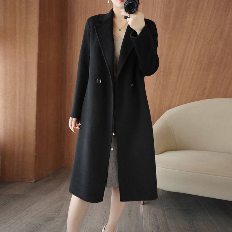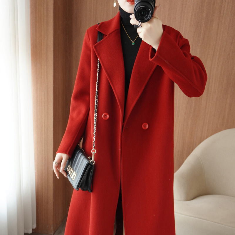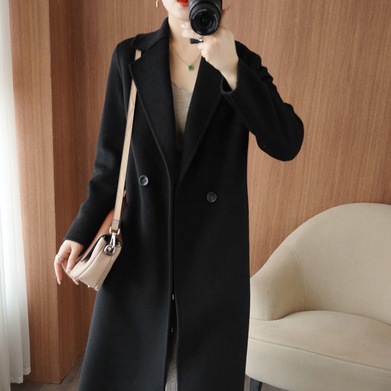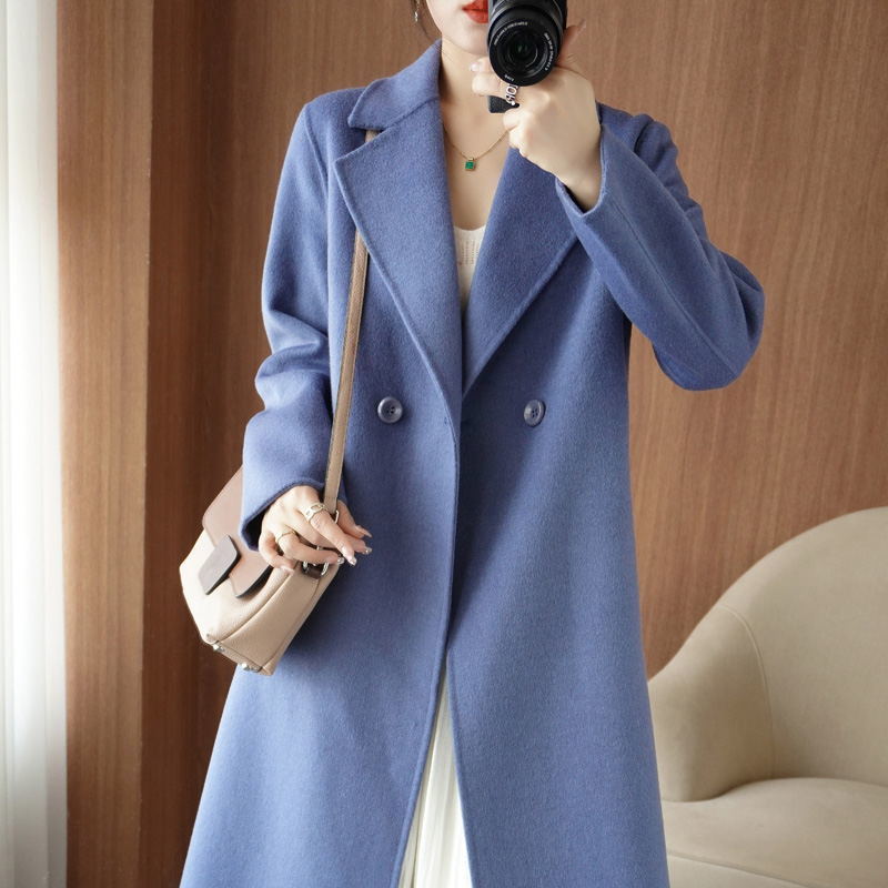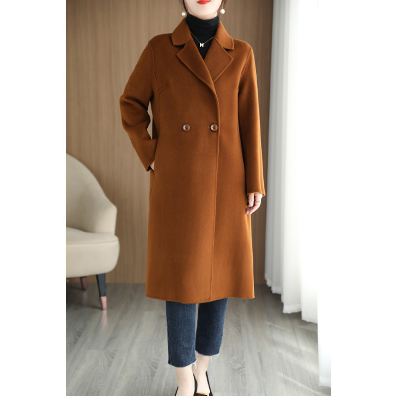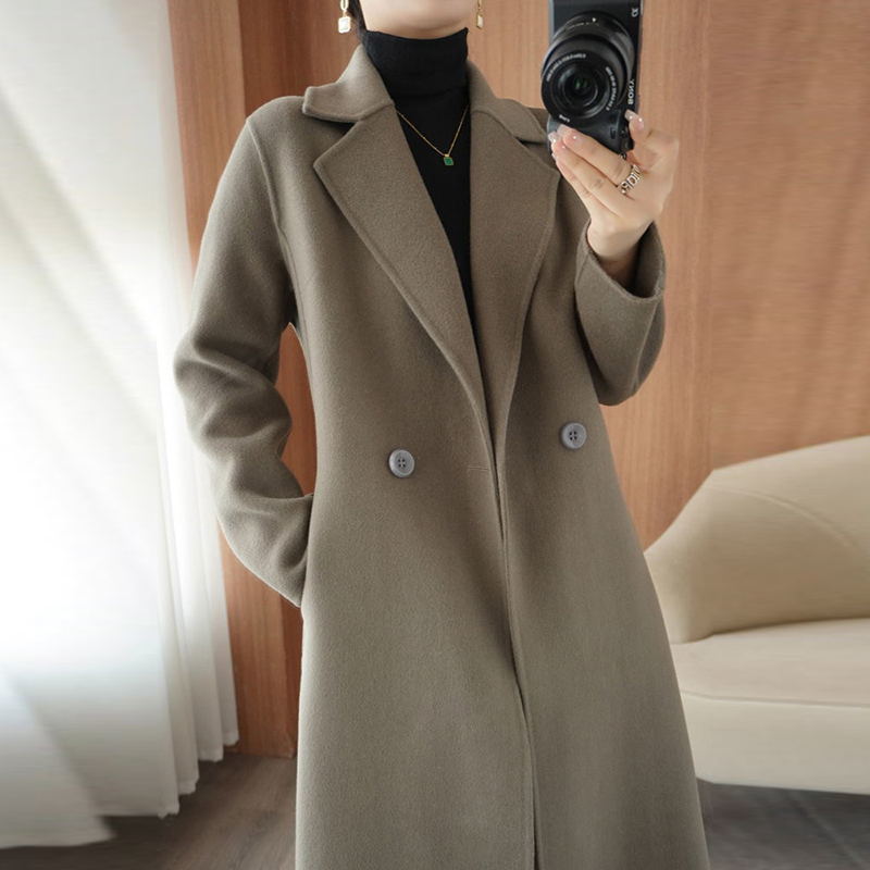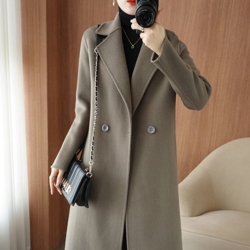 100 순수 양모 가을과 겨울 새로운 유능하고 아름다운 날카로운 Hepburn 여성을위한 수제 양면 트위드 중간 길이의 캐시미어 코트
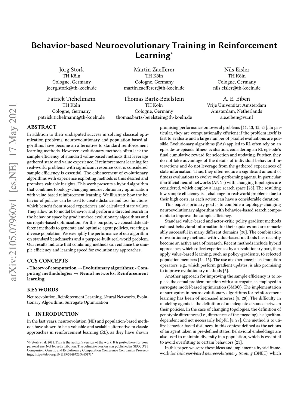 Behavior-based Neuroevolutionary Training in Reinforcement Learning
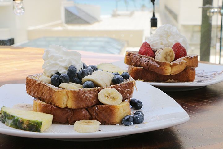 ショアファイヤーの朝食メニューは数多くありますが、中でもおすすめは2種類のフレンチトースト。「ハワイアン・フレンチトースト」(前、$14.25)はスイート・ハワイアン・ブレッドに地産のバナナとフレッシュなブルーベリーをトッピングしています。その上にパウダーシュガーとホイップクリームをプラス。
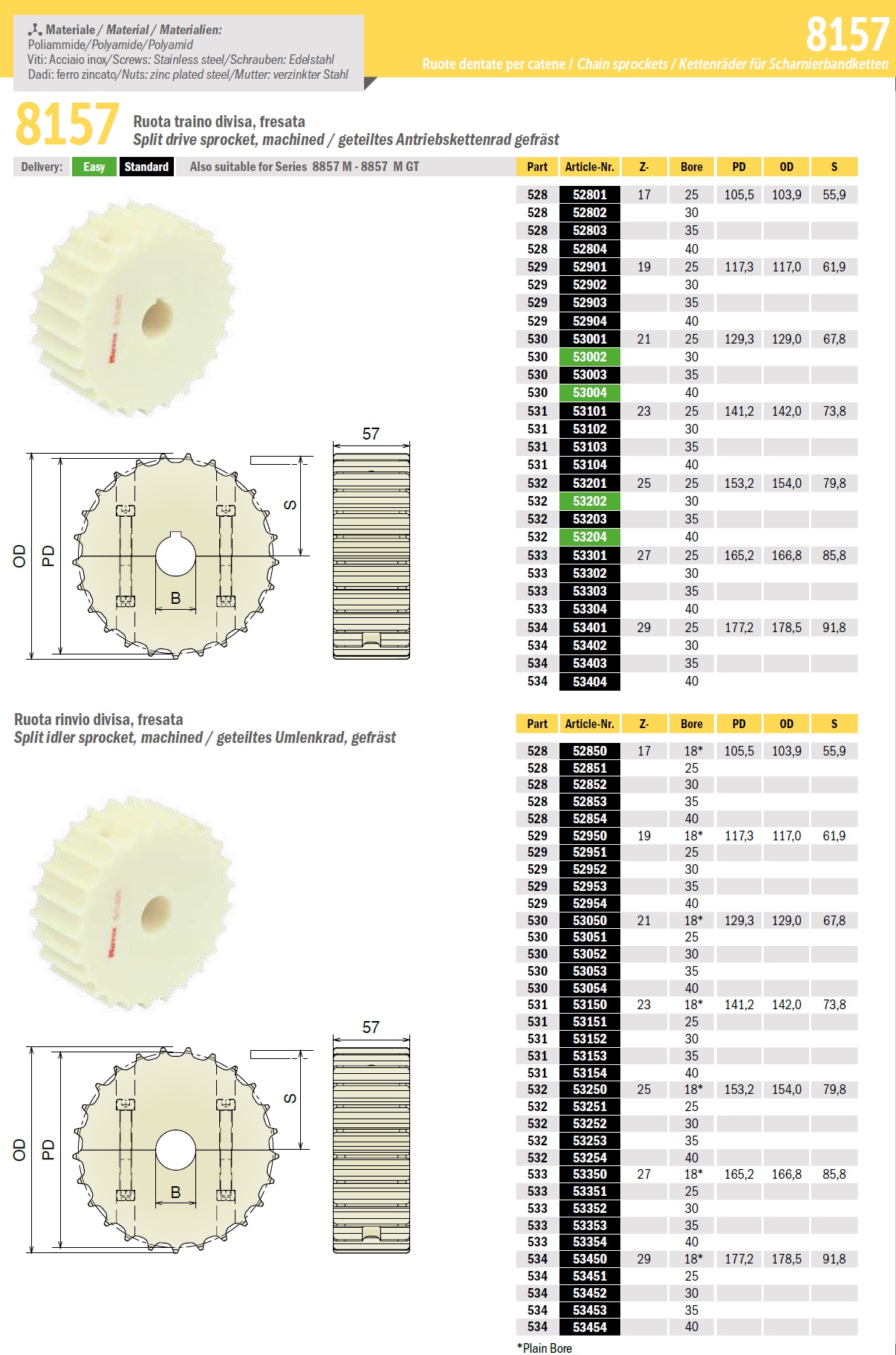 Приводная конвейерная звездочка звездочка 8157 серии изготавливается из высококачественной пластмассы. Применяются для конвейеров с пластинчатыми цепями. Подходят для прямоходных стальных лент 8157, 8157 GT. А также поворотных 8857 M, 8857 M GT.
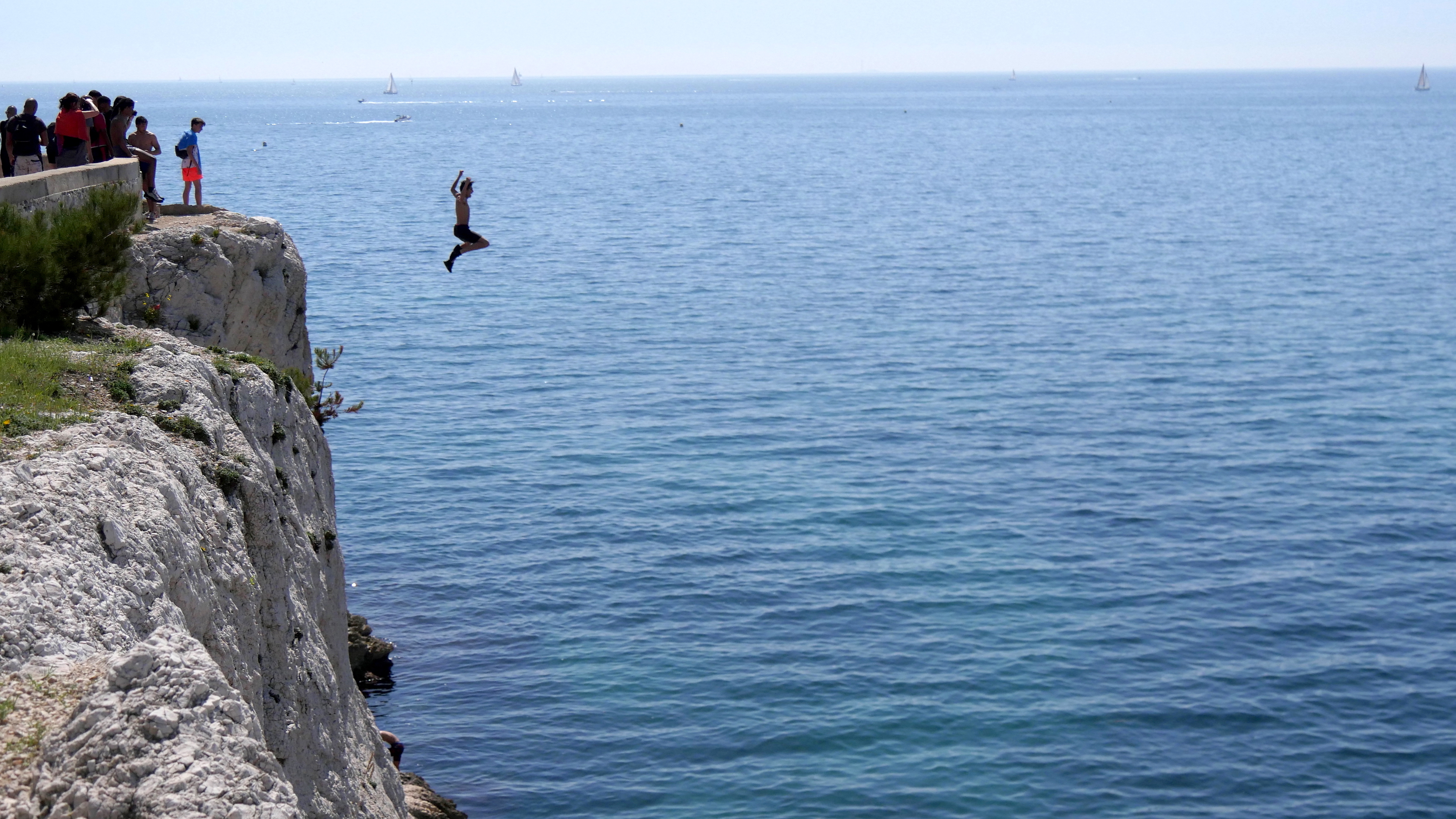 Si vous avez lu Corniche Kennedy, cette photo doit vous rappeler ce roman dans lequel Maylis de Kerangal évoque un groupe d’adolescents qui joue à se faire peur en sautant dans la mer du haut des rochers de la Corniche. Ils commencent par des sauts faciles puis grimpent plus haut pour des sauts de plus en plus dangereux. Une parfaite illustration, samedi dernier.
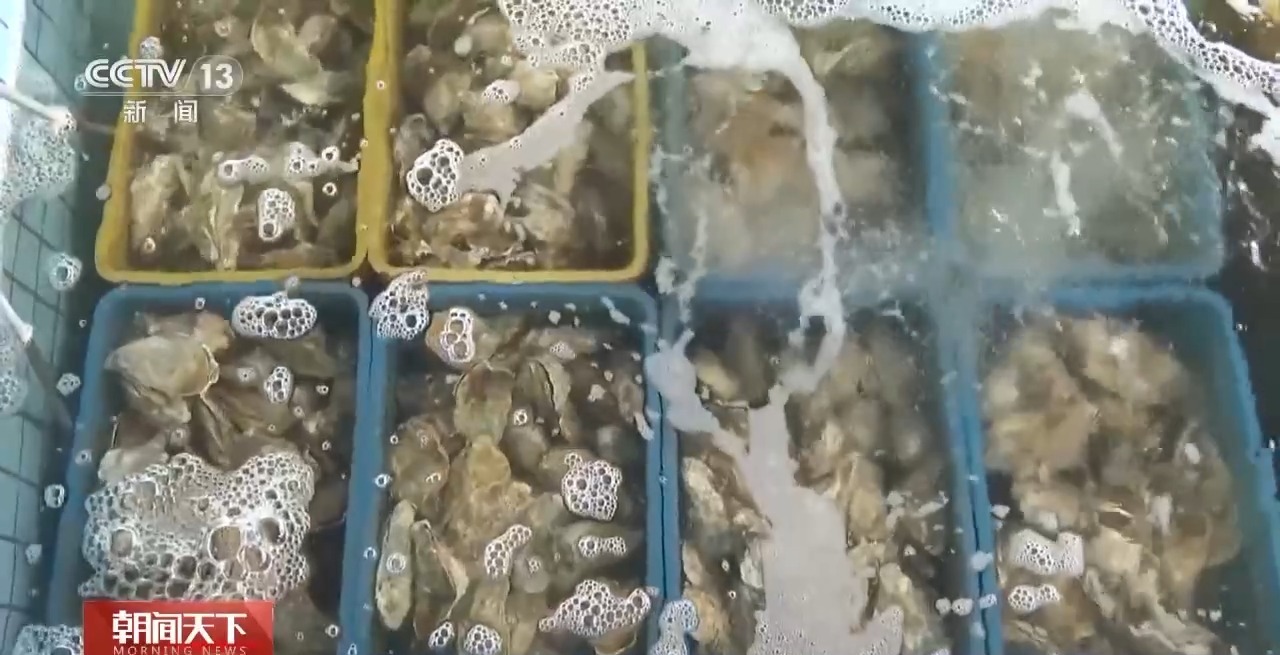 總臺央視記者 李嘯虎:在國家農(nóng)業(yè)產(chǎn)業(yè)強鎮(zhèn)廣東陽西程村鎮(zhèn),“五一”期間,這里的生蠔迎來大量上市。這片占地六萬多畝的生蠔養(yǎng)殖基地里,養(yǎng)殖戶正從水下收獲一排排成熟的生蠔,40多萬箱新捕撈的海鮮正從這里走上百姓的節(jié)日餐桌。
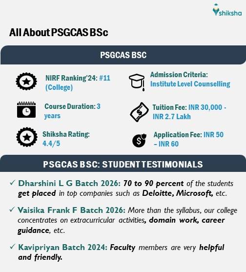 PSG College of Arts and Science BSc course is offered across multiple fields. The UG-level programme is offered in a full-time PSG College mode lasting for three years. Some of the major specialisations are Psychology, Biochemistry, Chemistry, Statistics, Catering Science & Hotel Management, etc. BSc at PSG College is available in both aided and self-financed mode. The below mentioned infographic contains more information about the PSGCAS BSc programme including fees, reviews, seats and more:
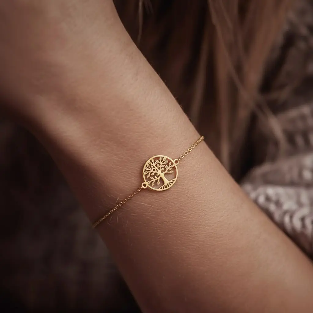 Das Armband "Emilía" besticht durch seine feine, zarte Kette, die angenehm um dein Handgelenk schmiegt. Der kunstvoll gestaltete Lebensbaum-Anhänger symbolisiert Wachstum, Stärke und die tiefen Wurzeln, die uns verbinden. Mit seinem zeitlosen Design ist das Armband die perfekte Ergänzung für jeden Anlass – sei es im Alltag oder zu besonderen Feierlichkeiten.
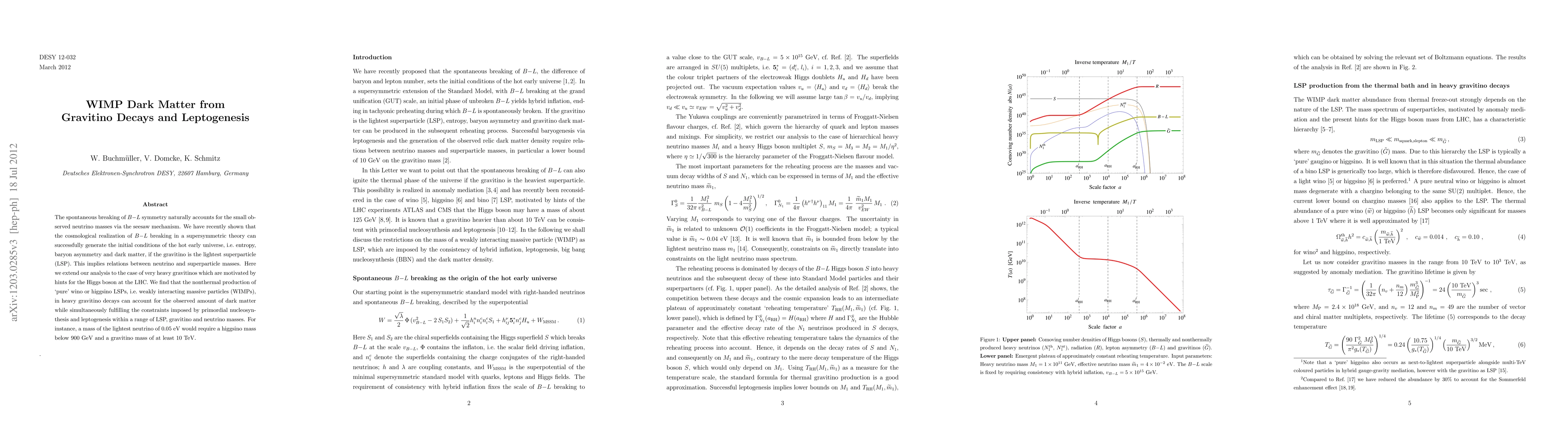 This paper explores the potential of gravitino decays to produce WIMPs as dark matter, while also generating the baryon asymmetry and satisfying leptogenesis constraints. It finds that heavy gravitinos, motivated by LHC Higgs data, can decay to produce higgsino or wino LSPs that meet dark matter requirements and cosmological constraints.

::::

**Directions for this task**
Give back exactly, and solely, the section of the data above bounded by the line containing "Si vous avez" and the line containing "總臺央視記者 李嘯虎:在國家", both bounding lines included and pictures omitted.

**Expected output**
 Si vous avez lu Corniche Kennedy, cette photo doit vous rappeler ce roman dans lequel Maylis de Kerangal évoque un groupe d’adolescents qui joue à se faire peur en sautant dans la mer du haut des rochers de la Corniche. Ils commencent par des sauts faciles puis grimpent plus haut pour des sauts de plus en plus dangereux. Une parfaite illustration, samedi dernier.
 總臺央視記者 李嘯虎:在國家農(nóng)業(yè)產(chǎn)業(yè)強鎮(zhèn)廣東陽西程村鎮(zhèn),“五一”期間,這里的生蠔迎來大量上市。這片占地六萬多畝的生蠔養(yǎng)殖基地里,養(yǎng)殖戶正從水下收獲一排排成熟的生蠔,40多萬箱新捕撈的海鮮正從這里走上百姓的節(jié)日餐桌。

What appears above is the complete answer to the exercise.